Gammel wetsartikel brengt al jaren veel teweeg over euthanasie bij dementie
„Aangenomen”, klonk het in 2001 in de Eerste Kamer. De euthanasiewet was een feit. Een van de meest beladen kwesties, euthanasie bij gevorderde dementie, werd echter veel te summier besproken. „Dit hadden we zo niet moeten doen.”
„Ja, dat artikel 2.2. heeft heel wat teweeggebracht”, verzucht huisarts Gerrit Kimsma in zijn spreekkamer in Zaandijk. Kimsma doelt op een artikel uit de euthanasiewet, die officieel de Wet toetsing levensbeëindiging heet. Het kabinet-Kok II en de Tweede en de Eerste Kamer ontwierpen de wet tussen 1999 en 2001. In de wet staat onder meer dat artsen het leven mogen beëindigen van een patiënt, nadat ze samen tot de slotsom zijn gekomen dat het de enige oplossing is om een einde te maken aan het lijden.
Cruciaal is dus dat de patiënt zijn wil nog helder kan uiten. In artikel 2.2 staat echter meer. Euthanasie mag ook als de patiënt wilsonbekwaam is geworden, maar eerder al een euthanasieverklaring op papier heeft gezet. Zo’n schriftelijke verklaring komt dan in de plaats van het mondelinge verzoek.
Na de aanvaarding van de euthanasiewet door het parlement in 2001 bleef ”2.2” lange tijd ongebruikt. Pas in 2011 ontvingen de toetsingscommissies de eerste melding van een huisarts die euthanasie had toegepast bij een patiënte met gevorderde dementie, met een schriftelijke verklaring. Het oordeel van de toezichthouders was klip-en-klaar: de uitvoering was zorgvuldig verlopen, en stemde overeen met de wet.
Dat de zaak toch opschudding teweegbracht, was geheel en al het werk van NRC Handelsblad. Een verslaggeefster van de krant ontdekte dat de vrouw vooraf stiekem sterke slaaptabletten en een injectie toegediend had gekregen, zodat ze zich niet zou verzetten tegen het inbrengen van de naald.
Nadat haar reconstructie was gepubliceerd mengde Kimsma zich samen met twee andere collega’s in de zaak. „Deze vrouw begreep niet dat ze werd doodgemaakt. Haar afweer werd weggespoten”, schreven de drie verontwaardigd in een ingezonden stuk in de NRC. Vervolgens uitten ze hun zorg: „Wij vrezen dat de Nederlandse Vereniging voor een Vrijwillig Levenseinde in het zicht van deze casus al haar leden zal voorhouden: „Euthanasie kan dus toch bij gevorderde dementie!””

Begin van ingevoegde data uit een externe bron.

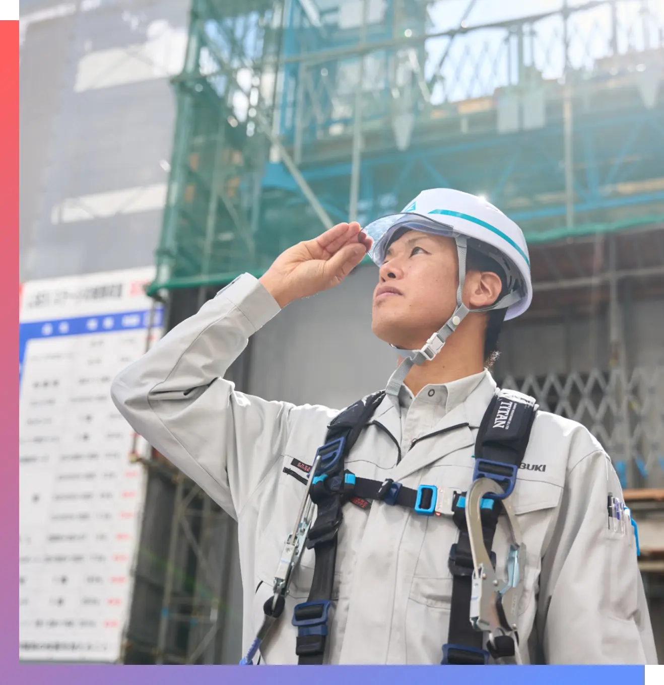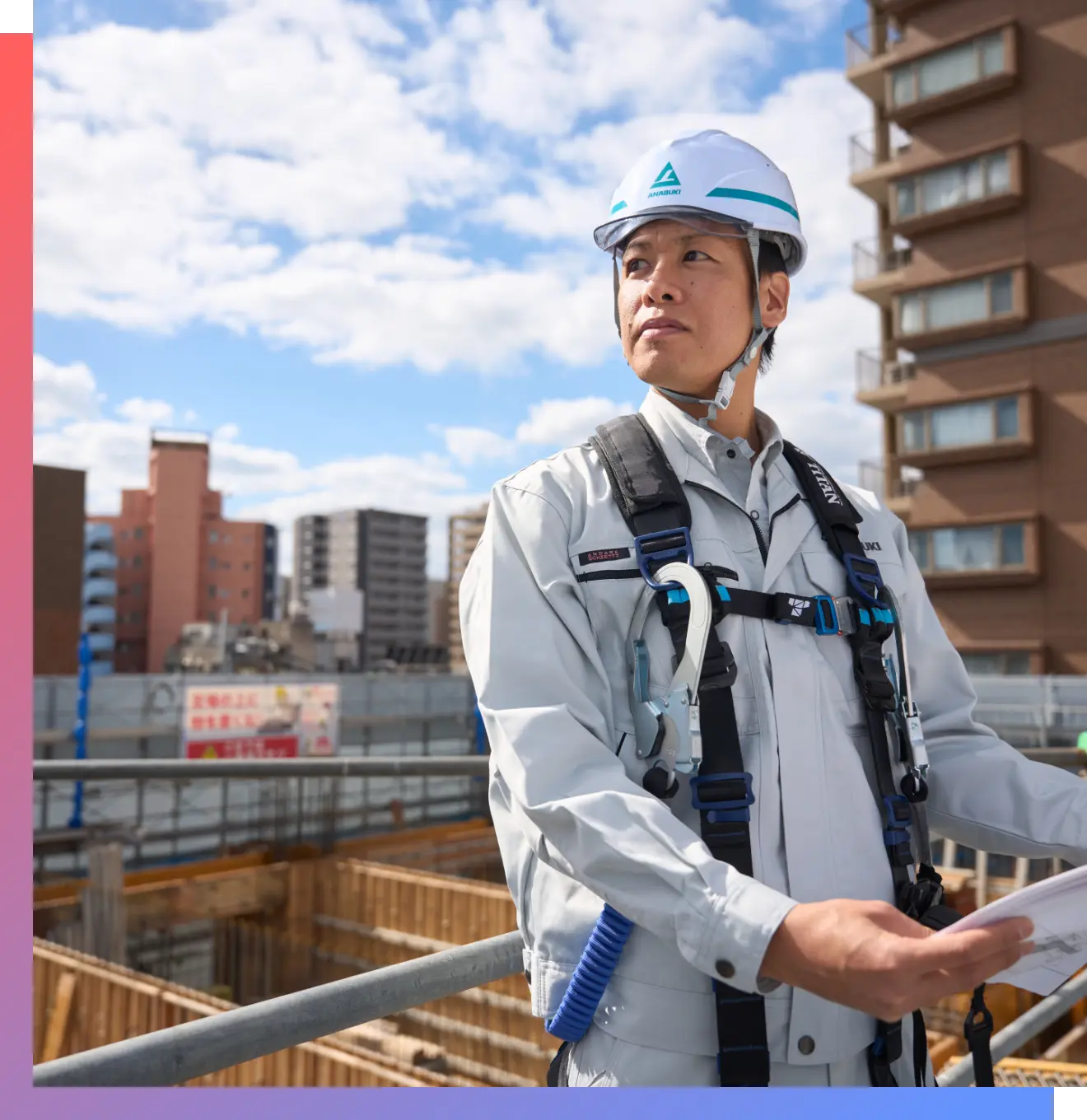 前職は地場の建設会社で、公共施設、商業施設、工場など幅広い建設現場で建築施工管理職を担当していた。現在、大分の物件で初めての作業所長を任されている。

De vrees bleek gegrond: euthanasie bij gevorderde dementie is in Nederland inmiddels al een tiental keren toegepast. Soms ging het daarbij opnieuw flink mis. Zo ontving de toezichthouder in 2016 een vergelijkbare melding als die in 2011, dit keer van een verpleeghuisarts. Zij had het leven beëindigd van een diep dementerende verpleeghuisbewoonster met een euthanasieverklaring, en voorafgaand daaraan heimelijk slaapmiddelen door haar koffie geroerd. Die werkten onvoldoende, waarna de in bed liggende vrouw bij het inbrengen van de naald overeind kwam. Familieleden moesten haar vervolgens in bedwang houden zodat de levensbeëindiging kon worden afgerond.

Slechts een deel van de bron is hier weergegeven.